On the deeper reefs, in 36 fathoms, a good run on plate-sized snapper and pearl perch are coming in. With the current dropping daily, bottom fishing these deeper reefs is a viable option, with quality table fish taken most outings.

Those chasing snapper are getting into some great table size fish. With good numbers of 1-2kg fish on the shallow grounds (40-60ft) and a few in a bigger class out in 80-120 feet. Most of the good snapper grounds around here are to the north, with the broken reef between Grassy and Scotts Head the place to look.

Those fishing the beaches and headlands may finally get a chance at a few fish. You have to wait for the interstate netters to leave before there’s any hope of catching a few remnant fish. It’s frustrating stuff as every year tonnes of spawning bream, blackfish, mullet and mulloway are cleaned out, and only once the greedy netters leave is there any hope of a fish.

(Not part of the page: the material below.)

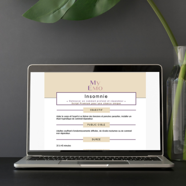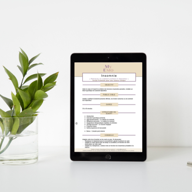 - Script complet : induction relaxante, approfondissement progressif, suggestions ciblées pour calmer le mental, renforcer le sommeil naturel, ancrage apaisant et sortie douce.

Anyway, they’ve gone north again so get out and catch a few tail enders that survived the onslaught...

The Macleay is still a little hit and miss, but there’s good numbers of school-sized jewfish, a few nice flathead and with a bit of luck, some more sea run bream.

The school jewfish have mainly been quite small, with 2kg a decent one. But they’re still great fun on light gear with bait or lures. Try between Jerseyville and the river mouth. That’s a fair chunk of ground, but the jewies have been moving around a lot, although most are in these lower reaches.

There’s been a few bigger jewfish caught, but only after dark anglers using live baits. While you certainly wouldn’t call the jewfish run consistent, there are enough fish to make the cold night tolerable – only just.

Flathead usually go a little quite during winter, with many fish heading up-river. They will still take baits and lures but tend to spread out a lot more making locating them the biggest challenge.

To narrow the options a little, try the shallow walls above Jerseyville, with any sub 4m being good places to start looking. Drift fishing with bait or lures is usually the best way to go, letting you cover plenty of water during the outing.

Bream have been frustratingly quiet. There’s been some rippers caught on bait after dark, but for those targeting them during daylight hours have found the going really tough. Hopefully this month, with the beach haulers gone, we may see a few good schools move into the river. Time will tell anyway.